As someone from Nigeria, I usually have mixed feelings when my friends announce they are planning to go volunteer in a country with a high poverty rate.
The whole process is a little, well, uncomfortable. I am from Nigeria, and I have family that live there. To me, the idea of someone flying to some African country and offering them help is truly bizarre — probably as strange as it would be for an American to see someone from Nigeria travel here for two weeks to do the same. It also seems more than a little unproductive. I have never understood brief one-time volunteer trips. If you care about a community of people, shouldn’t helping them be a lifelong goal, and not a glorified vacation?
I acknowledge that some people go on these volunteer trips with the intention of genuinely trying to invest in sustainable change, but the vast majority of the time, that is far from the case. For many people, trips to volunteer in less wealthy countries produce little more than a few eye-catching Instagram posts at best. At worst, they produce actual harm for the communities they seek to help.
One can consider the example of Tara Winkler, the managing director of the Cambodian Children’s Trust, who has dedicated her life to helping kids in the Southeast Asian country. She is undoubtedly a brilliant activist, but at times in her life, her work has caused more harm than good. For a large portion of her activist career, she was unknowingly volunteering at an orphanage that essentially stole children from their parents in order to collect tourist donations, a common problem in many countries.
Winkler and my friends who travel to volunteer are both part of a far-reaching phenomenon: the spread of voluntourism. Voluntourism describes a form of tourism built on the idea that wealthy vacationers can turn their trip to a foreign country into a chance to help build a school, teach English or something along those lines. However, as this New York Times article outlines, this type of quick and easy activism frequently has negative repercussions. A family going on a voluntourism trip to help build Haitian schools might end up taking jobs from local bricklayers. Or consider those who travel to work with orphans. It may seem rewarding for both parties in the moment, but the eventual abandonment can hurt the kids in the long-term.

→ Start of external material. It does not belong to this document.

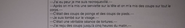 « On m’a mis des coups sur tout le corps (…) c’était une véritable séance de torture. »
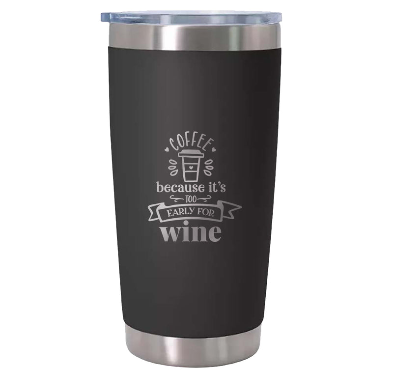 - Funny Coffee Mug - This funny coffee mug is a great gift for family and friends. Featuring a humorous reminder to drink coffee because it's too early to drink wine, this fun mug is perfect for anyone who loves coffee!

This is not to say that privileged communities should not take any action, however. It is merely to say that before beginning efforts to help, humility and practicality are key. We have the obligation to research and identify the best way we personally can contribute to issues around the world.
Frankly, the family laying bricks in Haiti probably should not have gone to a country they know nothing about to do a job they aren’t qualified for. But, they could make a real impact by investing their wealth into local industries in that town. Similarly, visiting an orphanage might just result in the perpetuation of attachment disorders. But, supporting local efforts to protect financially insecure families — as Tara Winkler later did — could change lives forever.
I have known from the time I was a child that I wanted to work to advance human rights, specifically in Nigeria, where my parents are from. I understand what it is to want to help communities that one rarely sees, but that one still feels indebted to. But the reality is, there is no easy way to do that. I will be in school for the next six or more years trying to learn the skills needed to help a community I care deeply about. It will be a long and complicated process, and I probably still won’t have learned everything I need to upon graduation. The knowledge of that fact is intimidating and sometimes even discouraging, but I know it will be worth it. That is the advice I would like to leave all volunteers with. If there is a community you wish to help, do the research first. Put in the work to find sustainable, valuable solutions. It won’t be as fun or quick as voluntourism is, but the knowledge you are doing the absolute best you can? That is well worth the wait.